OSDP, on the other hand, was developed as a secure, supervised, and bidirectional alternative. When configured with Secure Channel encryption, it greatly reduces the risk of interception or tampering. Yet, even OSDP is not foolproof. If installers leave encryption disabled or use default settings, the system can still be downgraded or compromised. Protocols matter, but they must be implemented properly to deliver the protection they promise.
The short answer: they can be, but not always. Using a phone or smartwatch as a credential brings obvious convenience. People rarely forget their phone at home, and credentials can be distributed instantly over the cloud. For many organizations, this is a major upgrade over managing physical card stock.
However, mobile credentials remain vulnerable to relay attacks, where attackers extend the communication range and trick the reader into unlocking a door for someone who is not physically present. Security researchers have demonstrated that even well-designed Bluetooth systems can be fooled this way. Mitigations such as secure distance measurement, device motion checks, or user-presence requirements help, but they don’t eliminate the fact that a mobile credential is still, at its core, a token.
Biometric authentication closes the gap by connecting access rights to the actual person. Instead of verifying a card or a phone, the system verifies the individual’s unique features such as a face, fingerprint, or iris. This approach eliminates the problem of lost, stolen, or borrowed tokens altogether, since access cannot be transferred from one individual to another. Beyond security, biometrics improves ease of use. Walking through a turnstile without stopping to present a badge feels natural and fluid. Combined with advances in accuracy, speed, and anti-spoofing, biometric systems now deliver both stronger assurance and smoother daily experience. In many deployments, once users adapt, they find biometric access faster and less burdensome than juggling physical tokens.
Moving from a token-centric system to a biometrics-first one does not have to mean ripping out existing infrastructure.
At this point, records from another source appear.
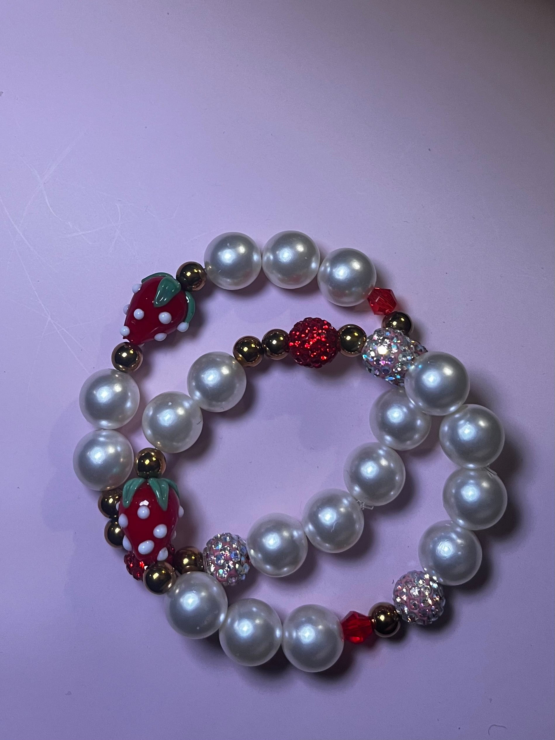 12mm faux pearls | Swarovski Crystal | Pink & Red Clay Rhinestone Crystals | Gold Hematite | Glass Blown Strawberry
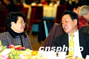 2004年僑界新春茶話會十四日在北京人民大會堂舉行,國務院僑務辦公室主任陳玉杰與全國政協(xié)港澳臺僑委員會主任郭東坡等出席。中新社記者:毛建軍
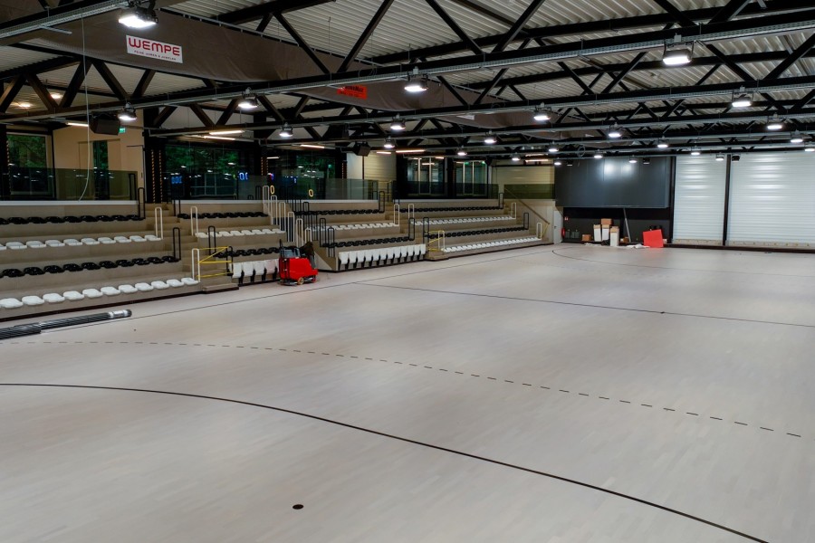 Beim Bau des Gebäudes mit der großen Spiel- und Trainingshalle spielten schließlich klimarelevante und ökologische Aspekte eine besondere Rolle. Vom energiesparenden LED-Flutlicht bis hin zur extensiven Begrünung des Hallendachs, der Regenwassernutzung zur Bewässerung der Außenanlagen, dem Strom aus Photovoltaik sowie Warmwasser aus Sonnenkollektoren wurde diese neue Anlage zu einem echten Leuchtturmprojekt gestaltet.
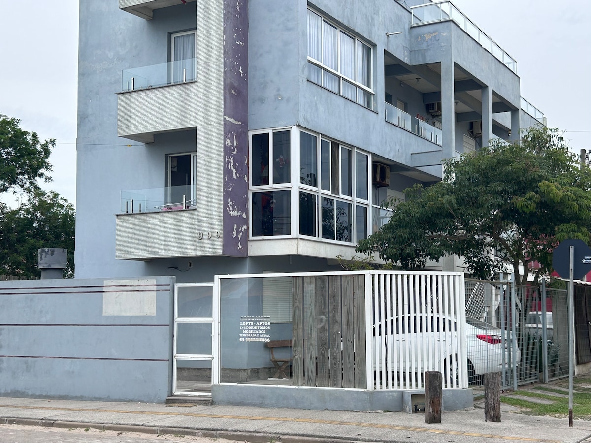 美麗的公寓,靠近FURG和新論壇。 鑰匙可以送到住宿以外的地址。 - 1張雙人牀和1張雙人沙發牀, -空調 1個停車位; -安靜; -規劃式廚房和中島; -週日早上; -城市和潟湖景觀; -帶泳池、派對室、燒烤和休閒區的公寓;
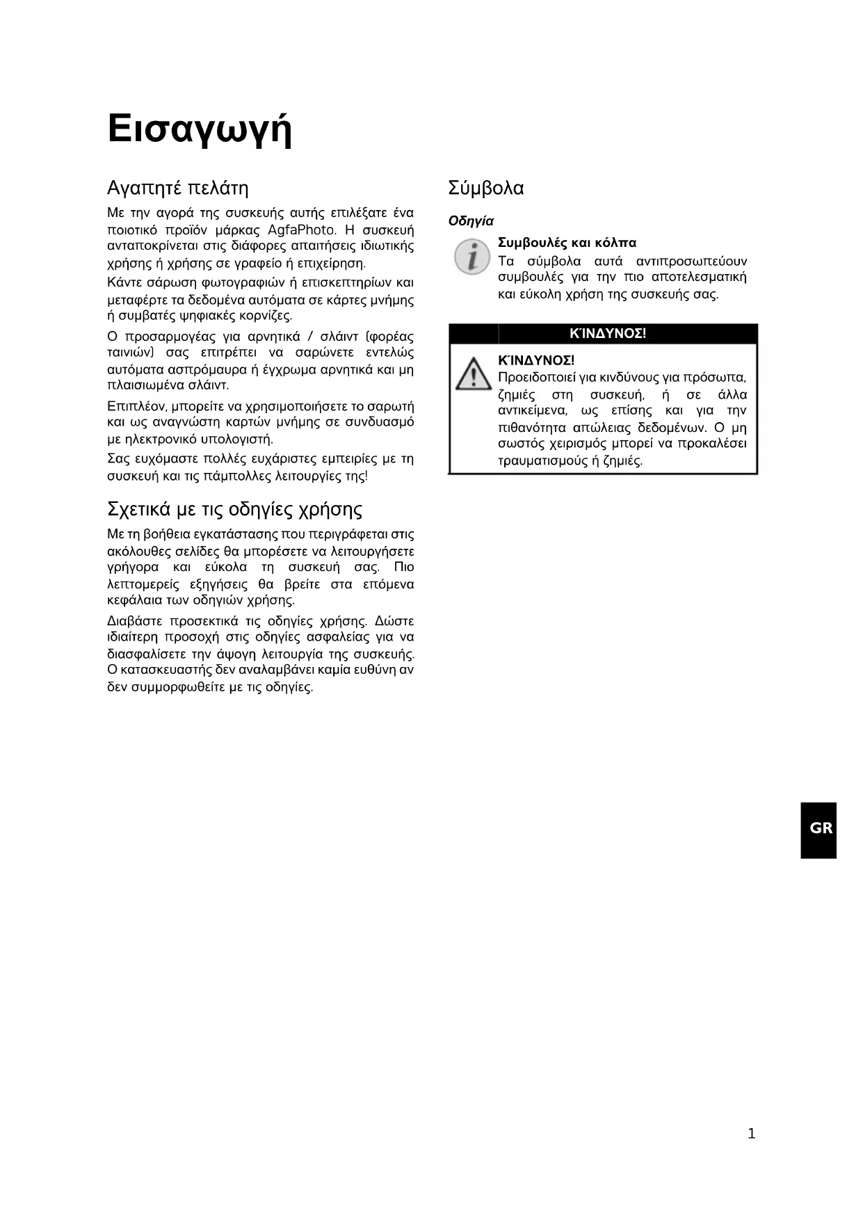 Με την αγορά της συσκευής αυτής επιλέξατε ένα ποιοτικό προϊόν μάρκας AgfaPhoto. Η συσκευή ανταποκρίνεται στις διάφορες απαιτήσεις ιδιωτικής χρήσης ή χρήσης σε γραφείο ή επιχείρηση.

A common strategy is to modernize the “plumbing” first, which is basically replacing legacy Wiegand wiring with OSDP-ready controllers and readers. This ensures the system is secure enough to handle stronger credentials, whether biometric or token-based.
From there, organizations can deploy biometric readers at key entry points like main entrances, secure zones, server rooms while still allowing tokens as a fallback. Over time, as staff become comfortable and enrollment databases are built, the reliance on tokens can shrink. The process is evolutionary, not revolutionary, but it represents a profound shift in how buildings verify who is coming and going.
The transition away from tokens is not just theoretical. Innovatrics’ headquarters has been described as the most biometric building in the world. In this environment, staff and visitors can move through doors, elevators, and restricted zones without carrying physical cards or phones. Instead, their identity is verified directly through biometric recognition systems integrated into the building’s infrastructure.
This building demonstrates what a future beyond tokens can look like: secure, seamless, and identity-centric. While tokens may remain as backup options, the default is to verify the person, not the object they carry. For the wider industry, it serves as proof that large-scale biometric deployment is not only feasible but also enhances both security and convenience in everyday operations.


Tokens will likely persist as backups, visitor credentials, or part of multi-factor solutions. For organizations seeking the highest assurance of identity, biometrics represents the new foundation. From global standards to cutting-edge real-world examples like Innovatrics headquarters, the direction is quite clear. In the modern access control industry, identity itself has become the credential.